Running Home Assistant OS, I have a use case where I’d like to have the /data partition split across two separate drives. Specifically an NVMe drive (which also contains HassOS partitions) and an SSD (or large HDD). I’d like to keep most of my add-ons on the NVMe but would like to use the second drive for add-ons such as InfluxDB and motioneye for instance. As such, I’d rather not use datactl to move everything to the 2nd drive. My intent is to mount the 2nd drive to /mnt/data/supervisor/share/data2 for instance such that the volume will be visible to Docker containers. I’d like to stick with HassOS rather than migrating to Debian and HASupervised and this is the one roadblock I haven’t found a way around yet.
My suggestion / request:
The overlay partition stores a bit of OS specific configurations that are read-write and isolated (+ persistent) during OS updates. ex: timesyncd, hostname, authorized_keys modules and udev rules.
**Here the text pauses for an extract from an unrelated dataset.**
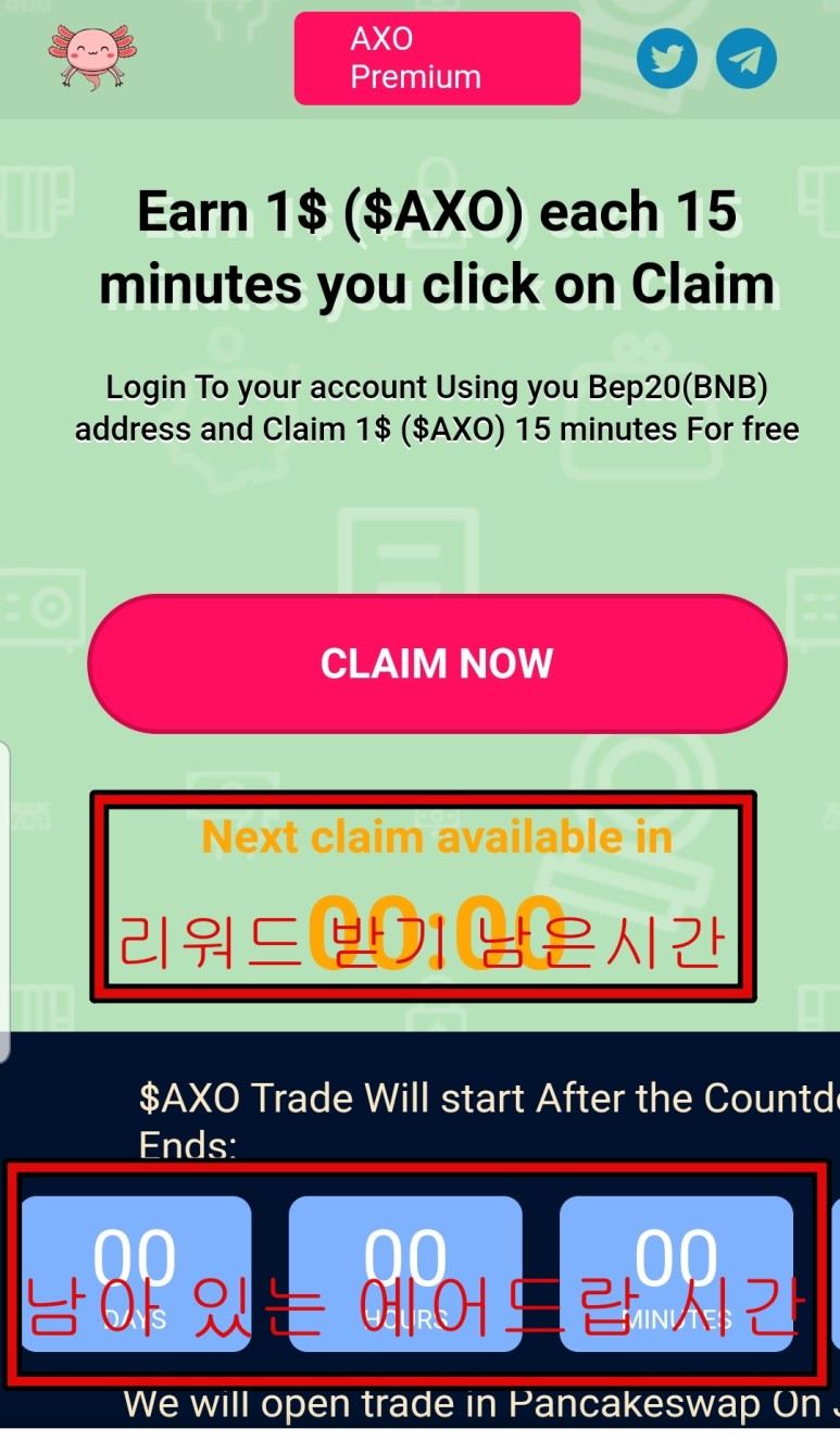 Axo 에어드랍은 위 링크주소에서 받으실 수 있으며 BSC 지갑이 필요합니다.
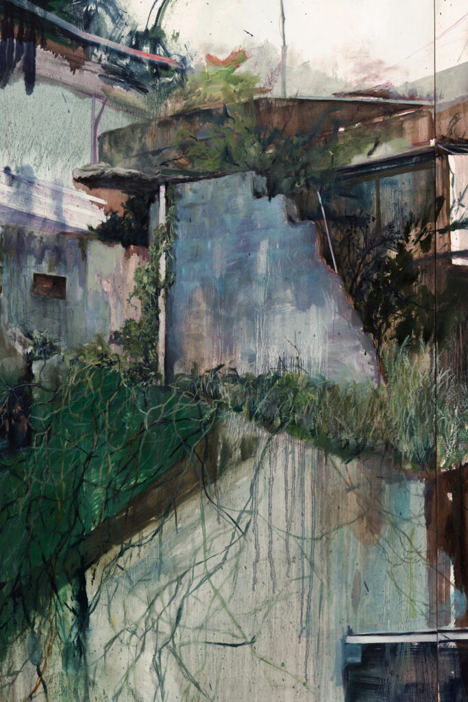 나는 큰 행사가 개최된 지역에 살았는데, 행사가 끝난 뒤 높은 건물들이 생겨나면서 사람들은 그곳으로 보금자리를 옮겼다. 그 행사로 바뀐 것은 기존 건물에서 사람들이 빠져나간 것 정도였다. 남겨진 건물들은 사람의 손길이 닿지 않고 시간의 흐름 속에 자연에 의해 본래의 형태를 천천히 잃어갔다. 나는 비로소 그때부터 건물이 하나의 생물이 되어, 자연과 어우러져 유기체적 상황을 만든다는 느낌을 받았다. 얽히고설킨 자연과 건물, 기존의 형태를 잃어가며 생겨나는 곡선, 때로는 필요에 의해 엉성하게 개조된 건물이 보여주는 조화는 유기체적 상황이 충분히 드러난다. 이 형상들은 조경 목적으로의 아이러니한 자연이 아닌 날것 그대로의 자연으로 생태계를 만들어간다. 물감을 비비거나 뿌리고 중력과 다른 방향으로 흐르게 하는 등 밑의 레이어가 보이거나 섞여 경계가 허물어지는 여러 가지 방식을 사용하여 그림을 그려 냈는데, 건물이 부식되고 자연으로 덮이는 레이어와 유사하다. 화면 위에서 물감이 만들어내는 유기체적 상황을 느끼며 작업을 진행한다.

From what I understand, adding a etc-fstab.mount config file in /user/lib/systemd/system as part of buildroot a user could modify fstab in the overlay partition similar to the above examples. Short of that, my only other options are to unsquash the root image, edit fstab and re-squash, or fork the operating-system repo and add the mount file. Seems fairly low risk to me, fstab would remain default (/empty) unless an experienced user adds their own within the overlay partition.
As an aside, there are a number of other threads looking for similar functionality or trying other round-about means of adding persistent mount points at the OS layer.